* Prompt *
In the data below, begin at the line with "腕、足、体、背中に Tatoo (D)" and stop after the line with "Women's Four-Season Two-Piece"; output those lines exactly and no pictures.
=== Material supplied ===
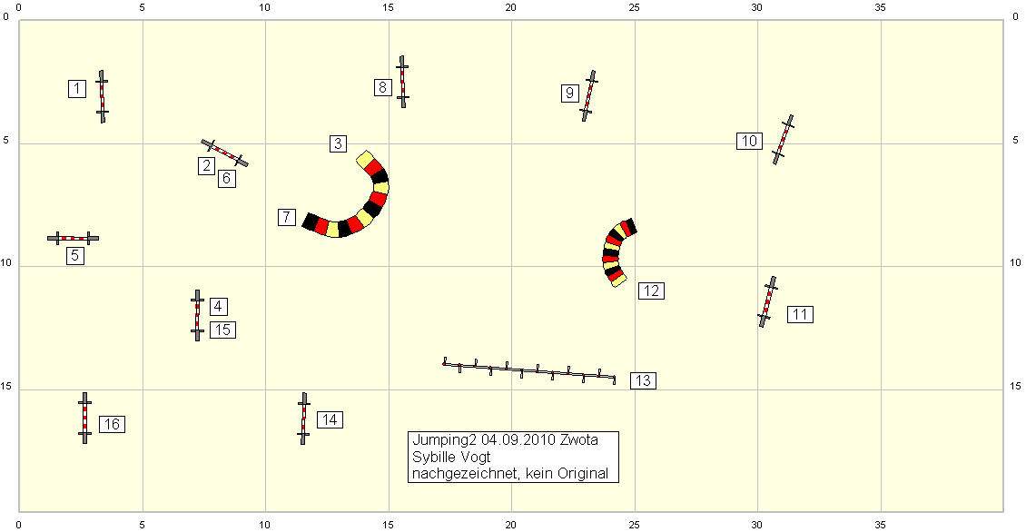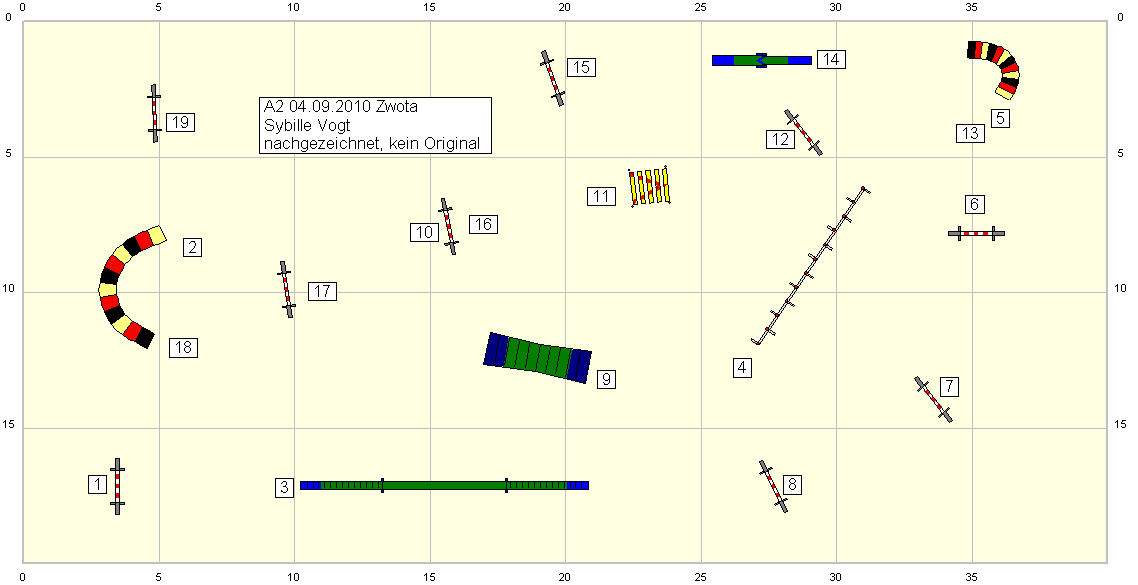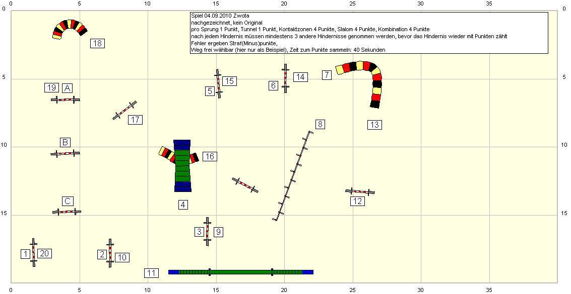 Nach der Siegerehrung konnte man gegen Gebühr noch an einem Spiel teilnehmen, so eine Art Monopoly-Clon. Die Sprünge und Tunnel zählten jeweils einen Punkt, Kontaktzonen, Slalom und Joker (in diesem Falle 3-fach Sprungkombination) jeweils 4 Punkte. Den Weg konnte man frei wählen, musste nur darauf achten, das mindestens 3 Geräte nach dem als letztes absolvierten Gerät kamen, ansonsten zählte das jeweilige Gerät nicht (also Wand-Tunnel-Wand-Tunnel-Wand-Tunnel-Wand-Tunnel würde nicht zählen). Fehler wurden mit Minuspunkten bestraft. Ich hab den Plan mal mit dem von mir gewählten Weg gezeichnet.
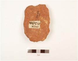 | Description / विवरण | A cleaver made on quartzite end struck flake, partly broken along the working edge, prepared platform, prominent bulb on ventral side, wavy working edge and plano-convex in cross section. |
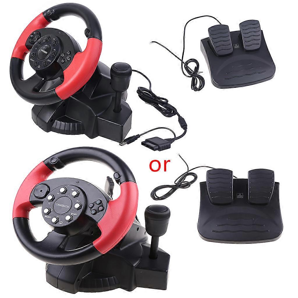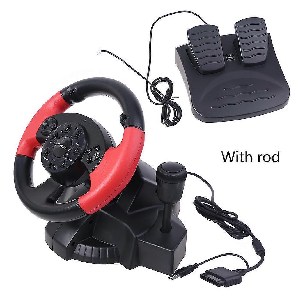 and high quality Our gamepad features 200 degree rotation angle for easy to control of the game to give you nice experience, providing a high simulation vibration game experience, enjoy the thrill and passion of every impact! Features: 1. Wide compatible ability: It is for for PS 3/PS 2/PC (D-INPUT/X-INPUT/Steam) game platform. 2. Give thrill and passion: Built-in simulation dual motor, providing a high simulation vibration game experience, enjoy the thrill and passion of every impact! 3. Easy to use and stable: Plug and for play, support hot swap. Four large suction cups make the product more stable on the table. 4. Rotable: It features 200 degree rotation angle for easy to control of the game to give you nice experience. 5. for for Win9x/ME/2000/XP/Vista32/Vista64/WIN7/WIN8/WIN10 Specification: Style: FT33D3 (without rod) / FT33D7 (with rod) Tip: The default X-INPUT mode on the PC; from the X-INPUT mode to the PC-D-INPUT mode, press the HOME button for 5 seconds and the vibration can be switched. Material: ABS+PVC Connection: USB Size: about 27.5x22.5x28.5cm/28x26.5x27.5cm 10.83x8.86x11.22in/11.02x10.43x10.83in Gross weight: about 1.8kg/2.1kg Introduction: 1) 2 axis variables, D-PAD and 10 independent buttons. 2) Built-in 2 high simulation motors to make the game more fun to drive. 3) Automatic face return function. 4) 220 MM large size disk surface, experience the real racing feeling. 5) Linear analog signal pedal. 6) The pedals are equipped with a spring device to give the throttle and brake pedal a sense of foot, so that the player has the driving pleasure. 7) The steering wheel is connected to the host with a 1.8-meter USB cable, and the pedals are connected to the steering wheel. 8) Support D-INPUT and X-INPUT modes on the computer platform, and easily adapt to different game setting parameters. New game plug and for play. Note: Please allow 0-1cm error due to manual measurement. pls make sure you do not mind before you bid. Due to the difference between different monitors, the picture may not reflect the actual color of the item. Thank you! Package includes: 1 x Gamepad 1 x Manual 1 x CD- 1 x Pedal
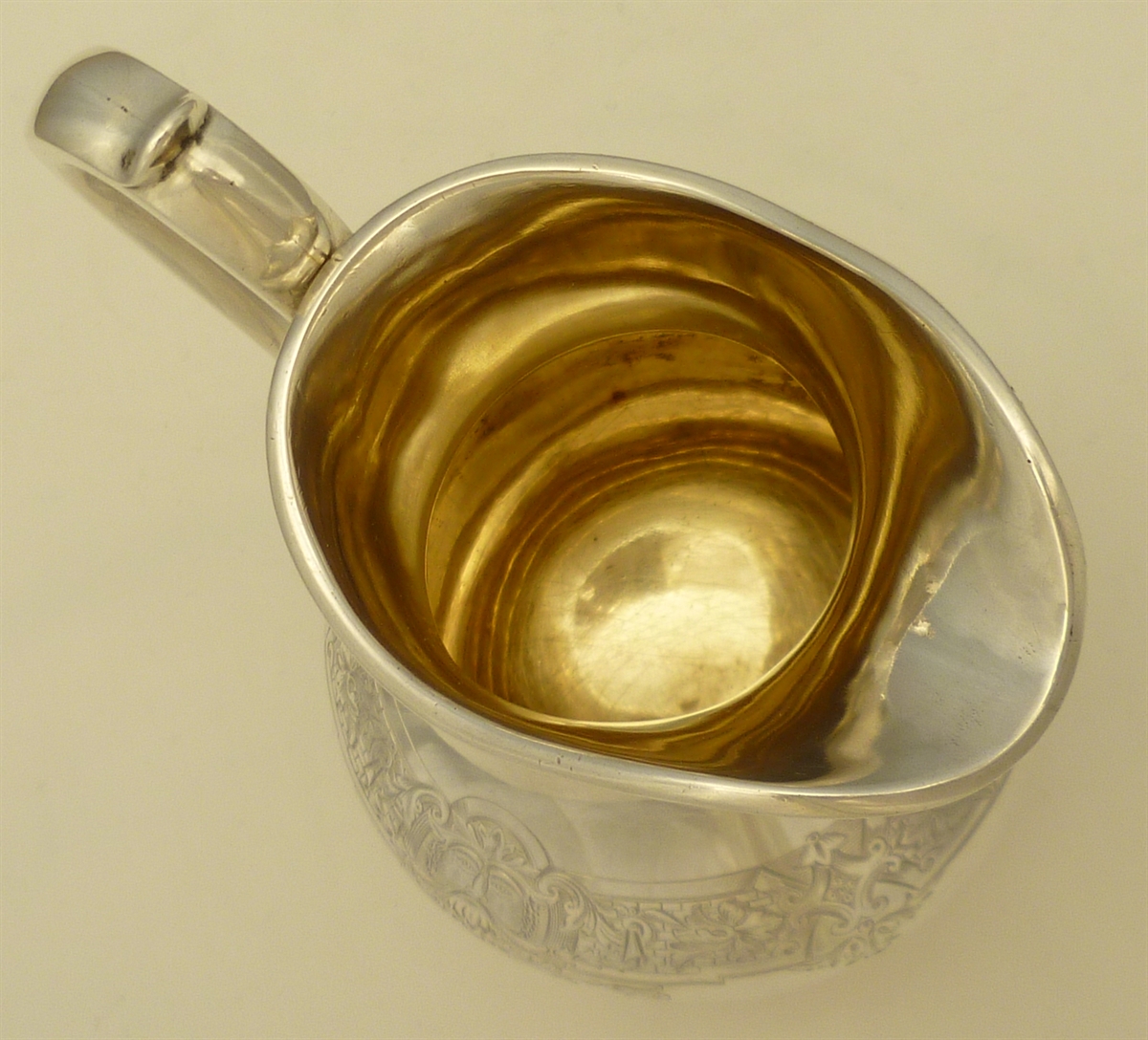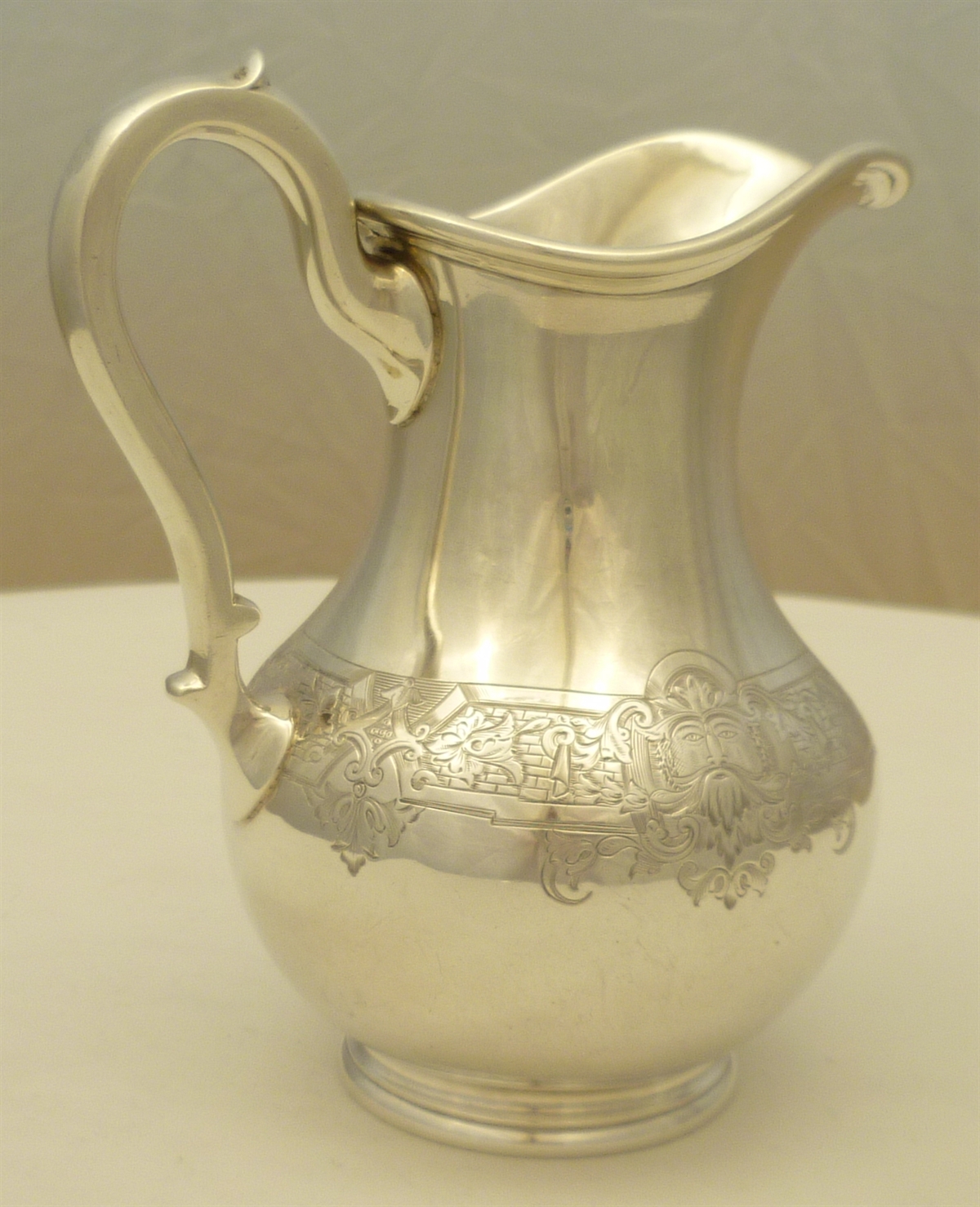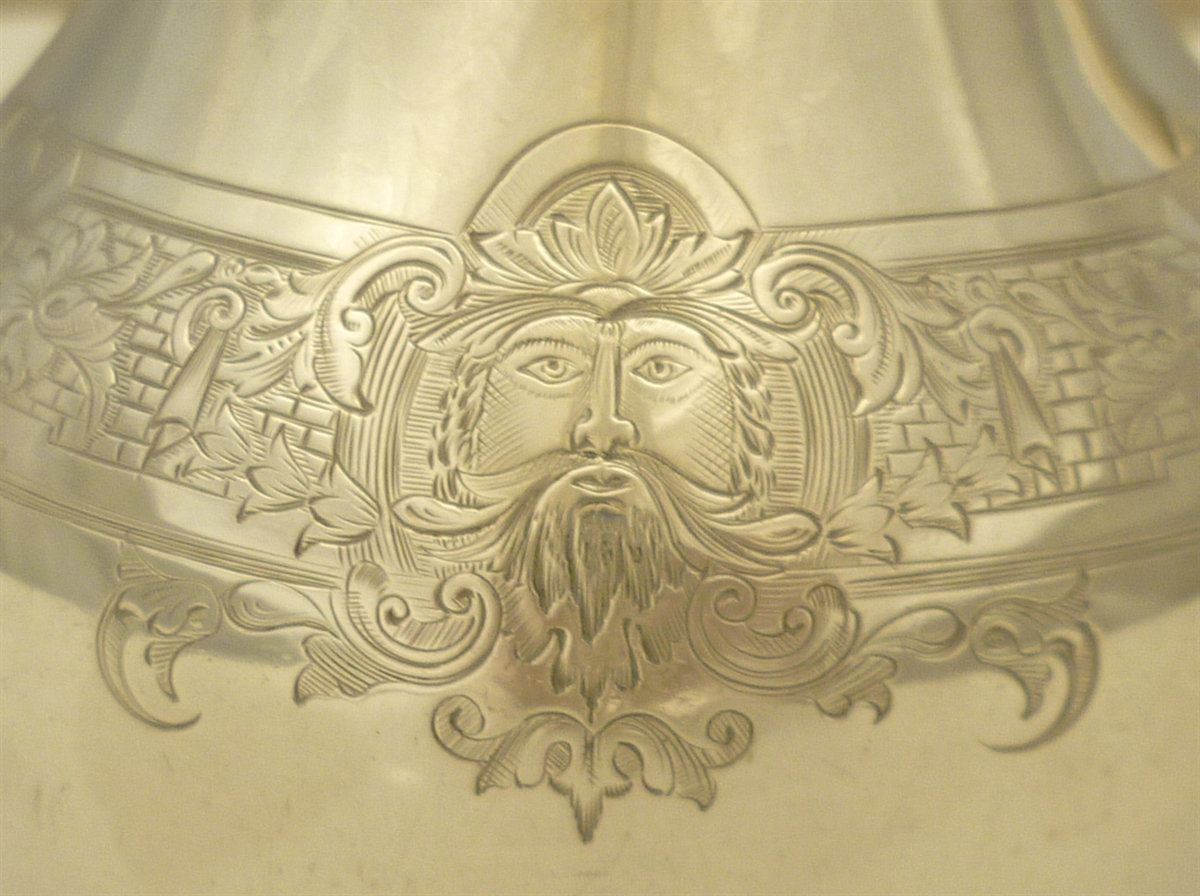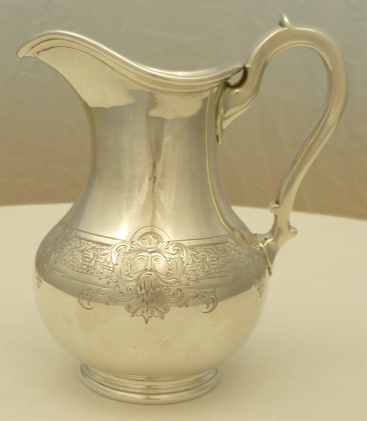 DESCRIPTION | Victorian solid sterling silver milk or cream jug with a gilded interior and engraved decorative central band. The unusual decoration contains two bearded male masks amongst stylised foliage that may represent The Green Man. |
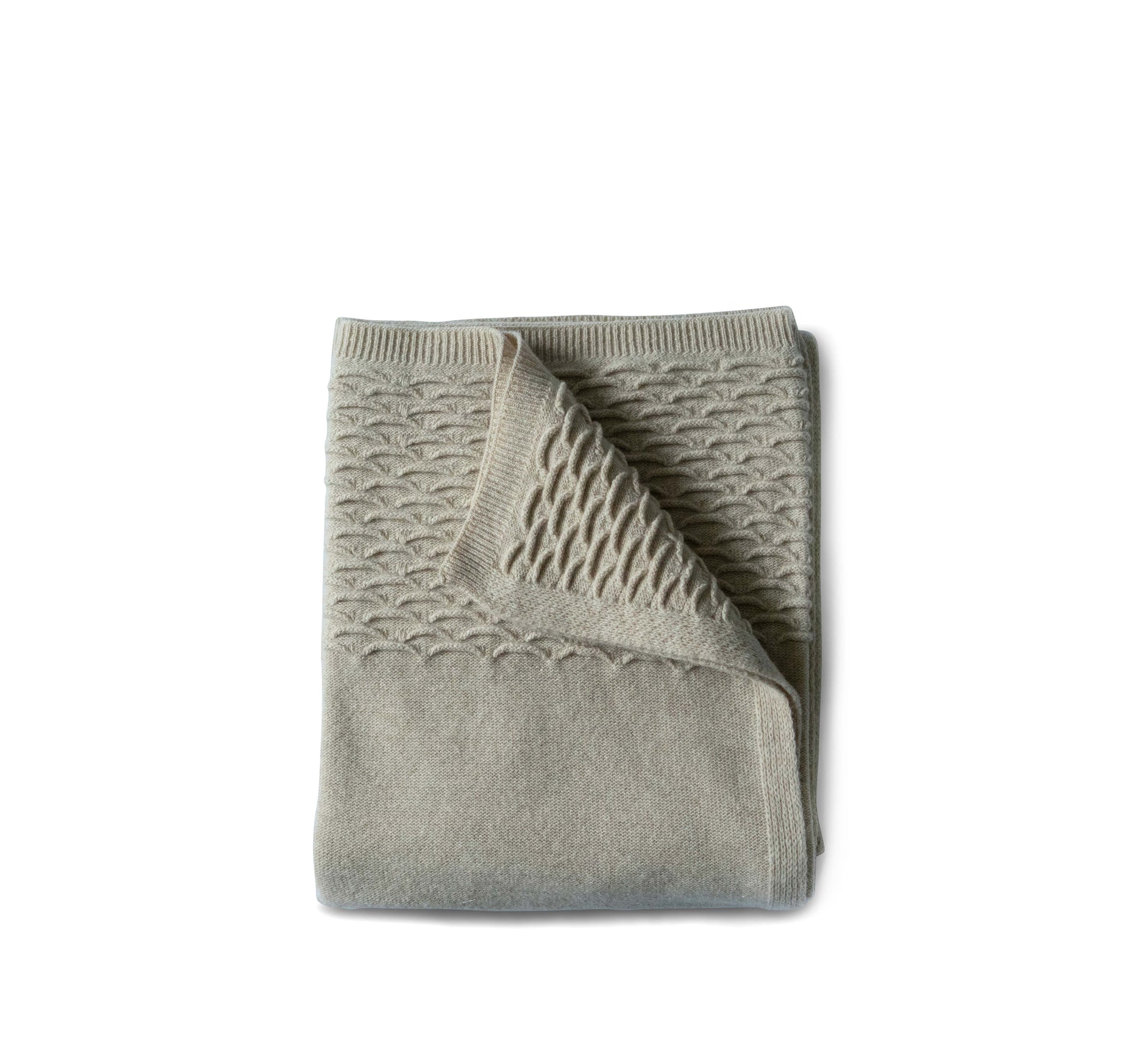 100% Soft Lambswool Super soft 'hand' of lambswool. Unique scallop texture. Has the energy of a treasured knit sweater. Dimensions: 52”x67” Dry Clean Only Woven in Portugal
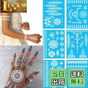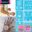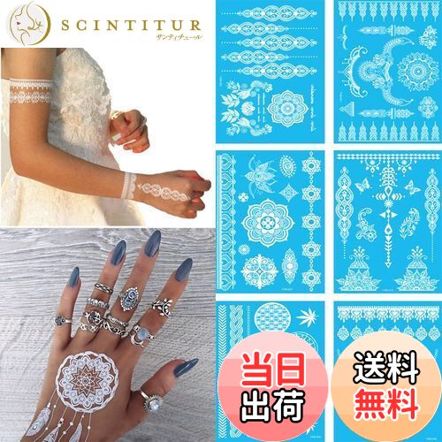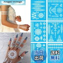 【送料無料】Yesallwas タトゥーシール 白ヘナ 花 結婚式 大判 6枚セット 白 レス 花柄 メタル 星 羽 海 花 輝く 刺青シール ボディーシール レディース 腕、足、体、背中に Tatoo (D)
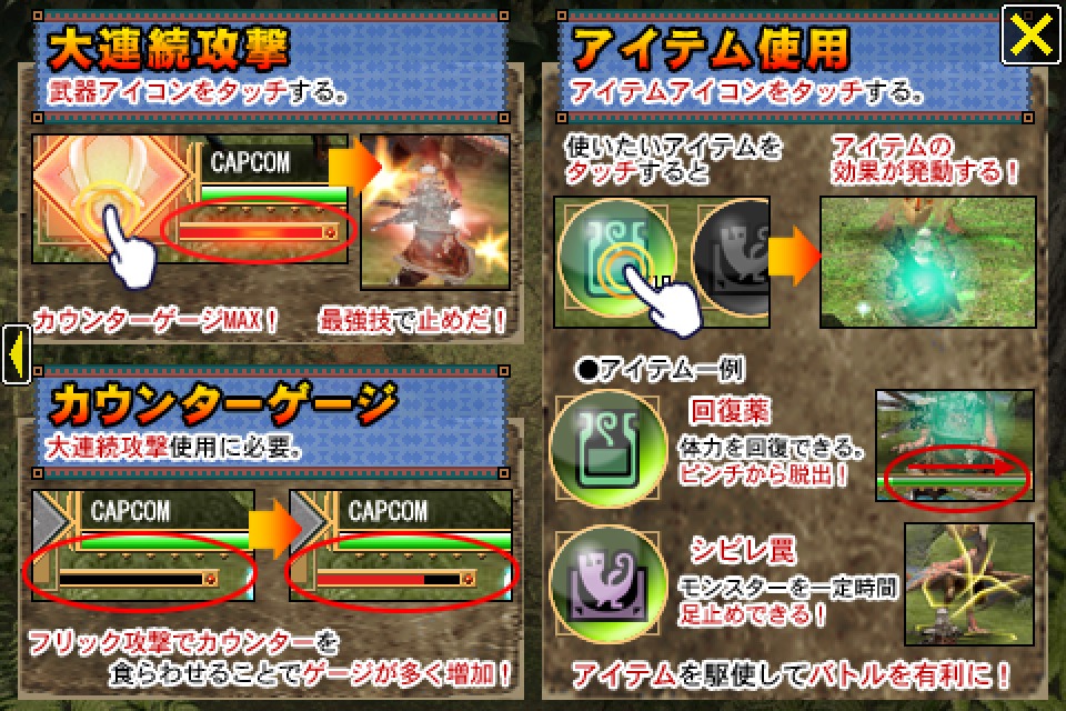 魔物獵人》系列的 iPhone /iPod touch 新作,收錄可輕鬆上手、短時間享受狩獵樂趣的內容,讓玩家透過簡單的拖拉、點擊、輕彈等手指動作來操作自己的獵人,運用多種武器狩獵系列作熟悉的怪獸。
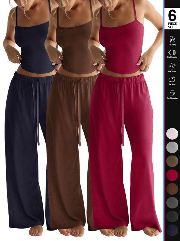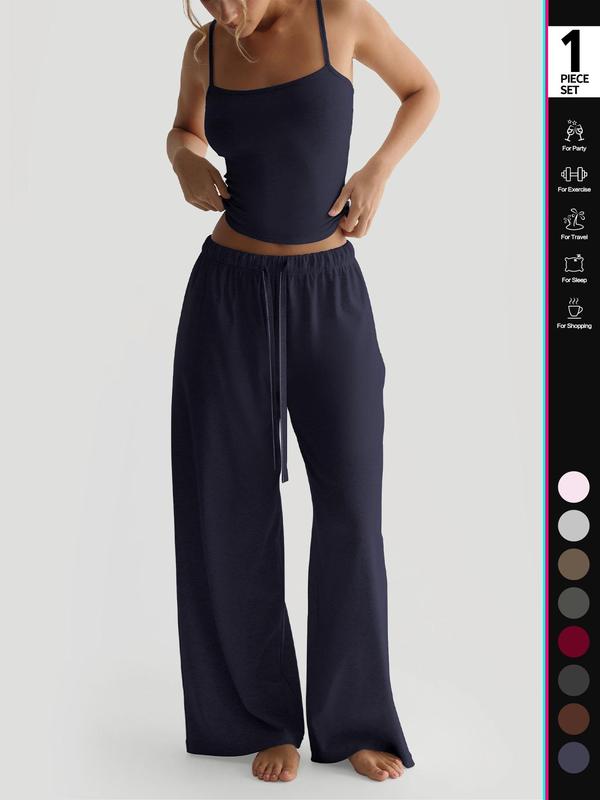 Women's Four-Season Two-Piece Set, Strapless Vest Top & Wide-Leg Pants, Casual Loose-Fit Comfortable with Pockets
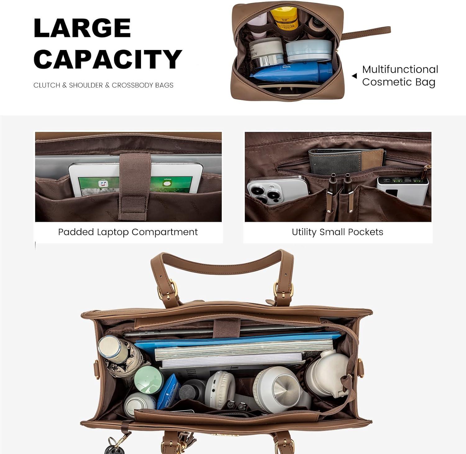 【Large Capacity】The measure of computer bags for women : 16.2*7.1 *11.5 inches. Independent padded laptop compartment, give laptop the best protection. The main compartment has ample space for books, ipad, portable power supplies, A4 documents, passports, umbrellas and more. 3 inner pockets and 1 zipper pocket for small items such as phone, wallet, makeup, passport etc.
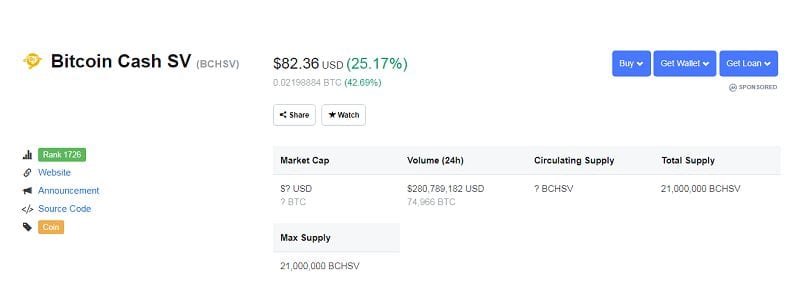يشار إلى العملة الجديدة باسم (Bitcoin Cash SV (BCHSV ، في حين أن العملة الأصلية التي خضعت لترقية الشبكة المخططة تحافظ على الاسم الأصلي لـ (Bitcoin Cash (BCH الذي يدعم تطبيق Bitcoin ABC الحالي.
===
* Reply *
 【送料無料】Yesallwas タトゥーシール 白ヘナ 花 結婚式 大判 6枚セット 白 レス 花柄 メタル 星 羽 海 花 輝く 刺青シール ボディーシール レディース 腕、足、体、背中に Tatoo (D)
 魔物獵人》系列的 iPhone /iPod touch 新作,收錄可輕鬆上手、短時間享受狩獵樂趣的內容,讓玩家透過簡單的拖拉、點擊、輕彈等手指動作來操作自己的獵人,運用多種武器狩獵系列作熟悉的怪獸。
 Women's Four-Season Two-Piece Set, Strapless Vest Top & Wide-Leg Pants, Casual Loose-Fit Comfortable with Pockets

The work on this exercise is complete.